+ “Al final todos fracasamos”, escucho a Juan Marsé en el programa Documentos de RNE. El programa me interesa mucho, lo sigo hasta el final y queda, cómo no, un regusto amargo. Su vida es una vida especial pero en los rasgos principales se equipara con todas. Ese punto de unión me devuelve la otra cara de la moneda, la voluntad de un estilo, la consecución de una prosa fruto de una intuitiva inteligencia. Rescato algún libro suyo y leo párrafos al azar. Percibo la música y la afinada perfección estructural, quizá sea suficiente y no creo que deba adentrarme en razones sociológicas que expliquen el éxito de sus libros, la traducción de los mismo a la gran pantalla y el alcance de los premios más prestigios del país. En fin, quedan los libros y, de alguna manera, las biografías se deben dejar a un lado si lo que se quiere es llegar a eso que podría ser un núcleo, como si se fuese posible apartar diferentes capas que componen el hecho literario y escoger lo que nos viene bien en cada momento. Me quedo con la frase, con esa constatación del fracaso, porque así es: todos hemos de morir, lo que cierra toda biografía al tiempo que le da sentido, una explicación a todo el recorrido y a toda la trayectoria vital del escritor y del ciudadano común. Nosotros.
+ Recuerdo haber olvidado, intencionadamente, un libro de poemas en un aeropuerto. Me molestó su lectura, quizá el tono grandilocuente, la vacuidad y lo prescindible de su escritura. Los poemas aludían, cómo no, a la caducidad y al paso del tiempo. La estela que trazó sobre un viaje que hice, hace más de veinte años, a Andalucía contaminó el regreso, con el sabor del tabaco y un whisky todavía palpitante en el paladar. Recuerdo la portada, me he olvidado del título (no es cierto). El otro día, en el camino de regreso, en la radio surgió la voz del poeta y sus declaraciones me parecieron ingenuas pero no vanidosas, como yo presumí en un principio. Hablaba de sus años escolares, de las lecturas y de su afición al futbol. Resumí la entrevista mentalmente y, cuanto terminé, me dije que debería volver al libro que abandoné en el aeropuerto. Bien sé yo que no lo haré porque la tasación de las lecturas a día de hoy es otra y ese elemento no entra en este mi canon. Pero me pareció bien, me gustó esa reconciliación con un autor que quizá no se merecía aquel desprecio. ¿Soy otro? Nunca soy el mismo y, por lo tanto, lo leído varía como varía la persona. Hoy trataré de no verme reflejado en ningún espejo.

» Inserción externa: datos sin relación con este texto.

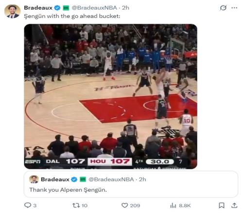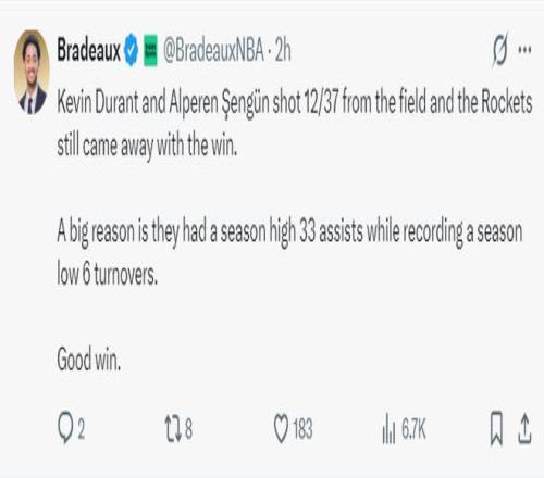 賽后火箭記者Bradeaux也為申京、杜蘭特辯護,這兩人本場比賽37中12手感不佳,但火箭還是贏球了,因為這兩人合力送出15次助攻,全隊33次助攻只有6次失誤。

+ No conseguí evitar mi reflejo. Allí estaba yo y no era yo. Es mejor no pensar mucho, decía un compañero de trabajo, y, al tiempo, otro apostillaba: mejor no pensar nada. No pienso nada. Abro el teléfono y le doy al enlace. No pienso nada. Lo intento. Mi rostro en el espejo es la certeza de la vida. Veo mis libro y carezco de palabras para emboscarme.
+ Escribe una referencia en el buscador y casi instantáneamente tiene el documento. Parece un milagro y no lo es. La técnica pone en nuestras manos lo que antes era un trabajo arduo y con unos desplazamientos implícitos. No sé si me desagrada, no sé si estoy conforme, pero sí perplejo porque no encuentro una rendija para automatizar estas rutinas y eso equivale a una cierta dosis de ansiedad, pues la textura de la vida es en estas situaciones cuando se revela. El aburrimiento, la angustia, la percepción del paso del tiempo forman una triada que eleva la descripción y la constituye como explicativa realidad. Desisto y no busco más. Al tiempo, recuerdo ver, hace un momento, un artículo sobre el origen de un insigne escritor y estuve tentado a abrirlo y leer, pero no lo hice. ¿Estoy desmotivado? No, estoy perplejo ante el avance turbo acelerado de la técnica y la poca explicación que encuentro para ello, salvo la constatación de lo absurdo de la vida, su falta de sentido, esa textura que me arroja el vértigo de la híper-velocidad. Aquí cierro este paréntesis.
+ También el dolor o principalmente el dolor nos da la medida de nuestra persona.
+ Imagen: fragmento de un mundo desaparecido, mi pasado, tu pasado.